### [What the task asks]
Please transcribe only the lines from the one holding "El gobernador de" through the final line of the data, both included, with no pictures.

--- Listed records Enclosed Below ---

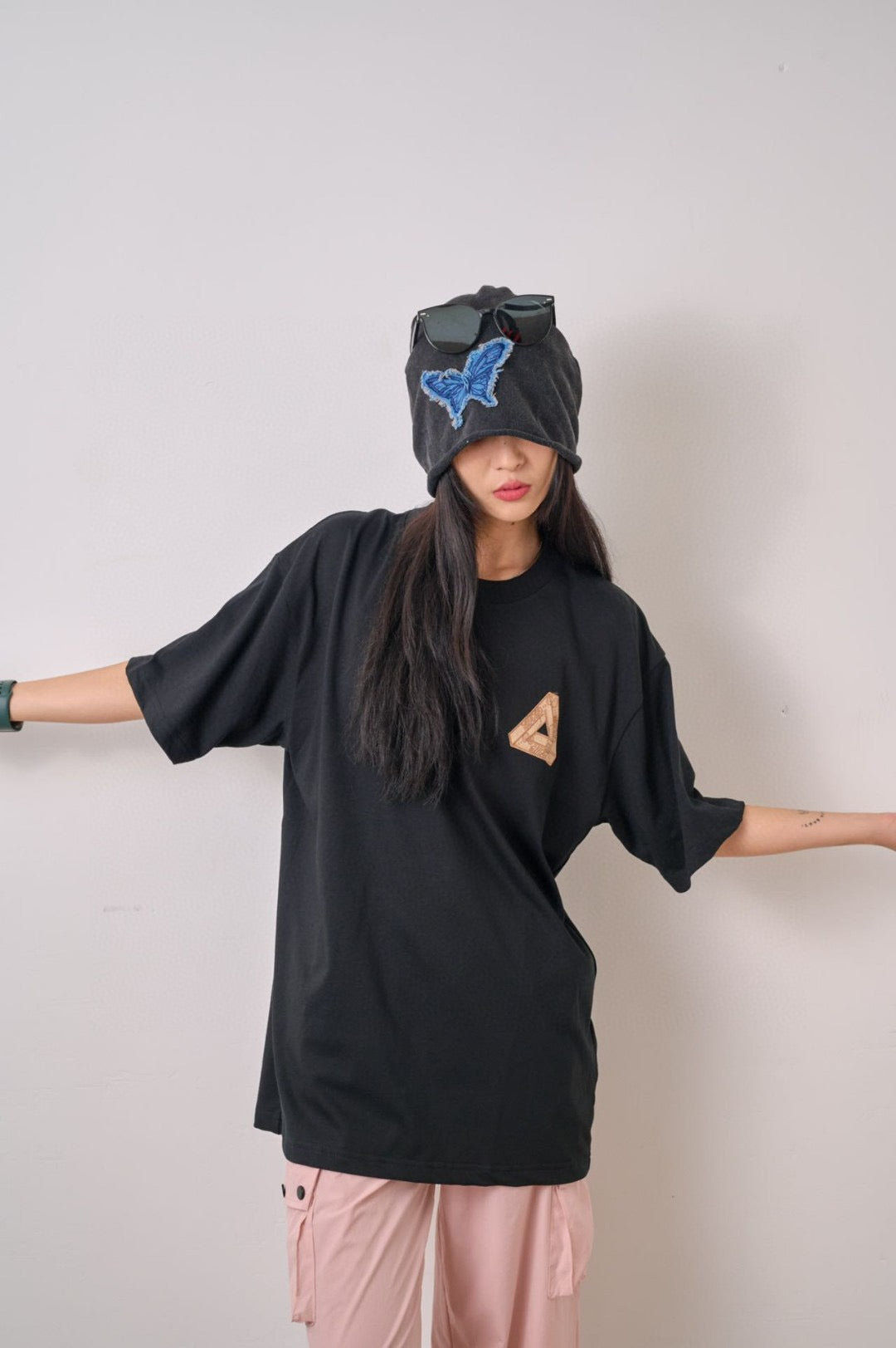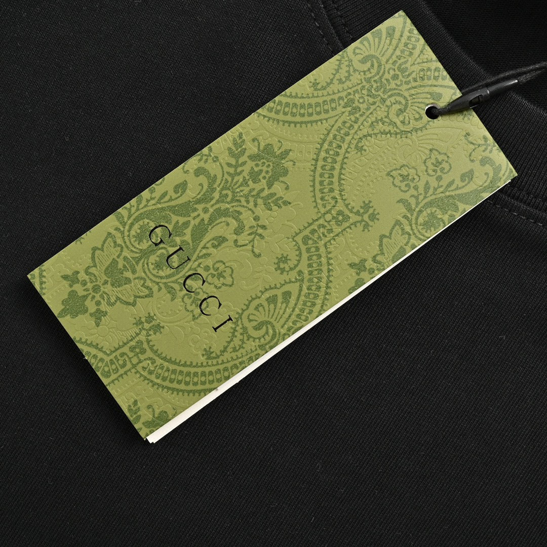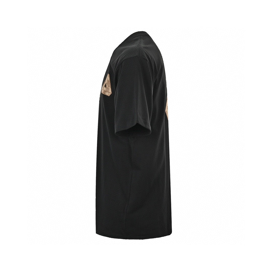 This Gucci t-shirt features a subtle triangle logo on the chest. The shirt is primarily black, offering a relaxed fit with short sleeves and a high neck. Perfect for adding a touch of understated luxury to your casual wardrobe while staying comfortable.
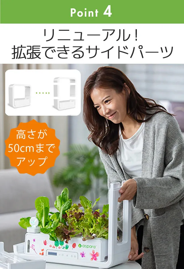 サイドパーツを拡張パネルに差し替えると縦のサイズアップ。ミニトマトやエンドウ豆など高さがある植物におすすめです!
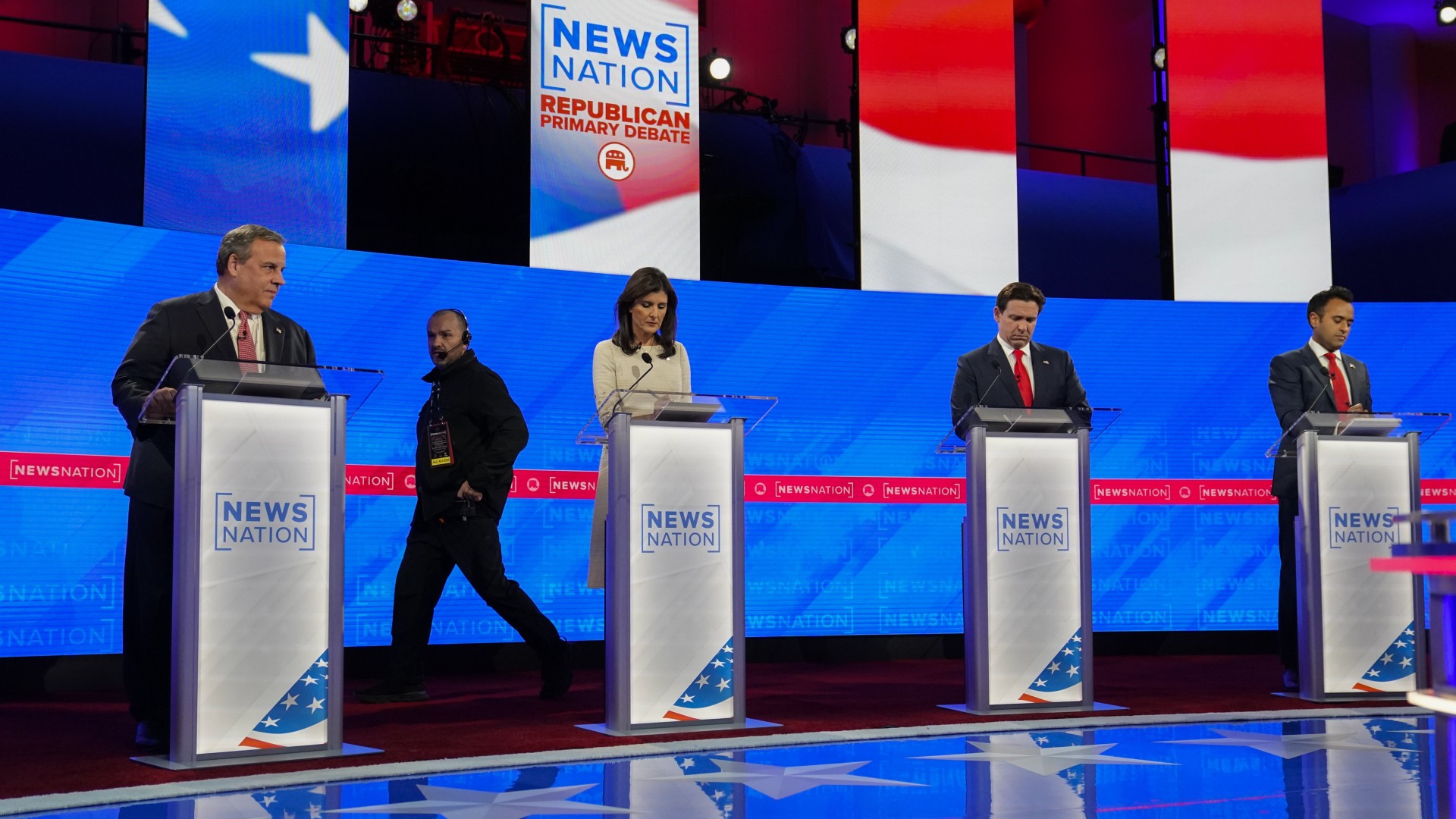 El gobernador de Florida, Ron DeSantis; el empresario tecnológico Vivek Ramaswamy; la exgobernadora de Carolina del Sur y exembajadora ante la ONU Nikky Haley; y el exgobernador de Nueva Jersey Chris Christie fueron los participantes de este evento organizado por el Comité Nacional Republicano (RNC, en inglés) para promover una "agenda conservadora ganadora".
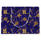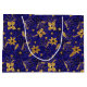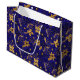 This elegant and glamorous holiday gift bag features faux gold glitter poinsettia flowers on a dark blue background. It is perfect for giving gifts and party favors.
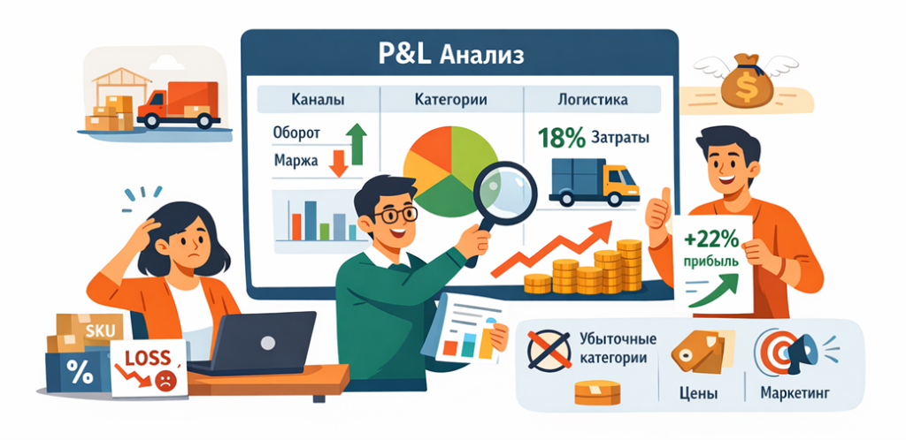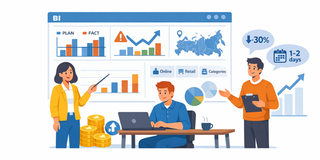 - расчет производных показателей (маржа, себестоимость, CAC и др.)

--- End of Enclosed Listed records ---

### [Response to this task]
 El gobernador de Florida, Ron DeSantis; el empresario tecnológico Vivek Ramaswamy; la exgobernadora de Carolina del Sur y exembajadora ante la ONU Nikky Haley; y el exgobernador de Nueva Jersey Chris Christie fueron los participantes de este evento organizado por el Comité Nacional Republicano (RNC, en inglés) para promover una "agenda conservadora ganadora".
 This elegant and glamorous holiday gift bag features faux gold glitter poinsettia flowers on a dark blue background. It is perfect for giving gifts and party favors.
 - расчет производных показателей (маржа, себестоимость, CAC и др.)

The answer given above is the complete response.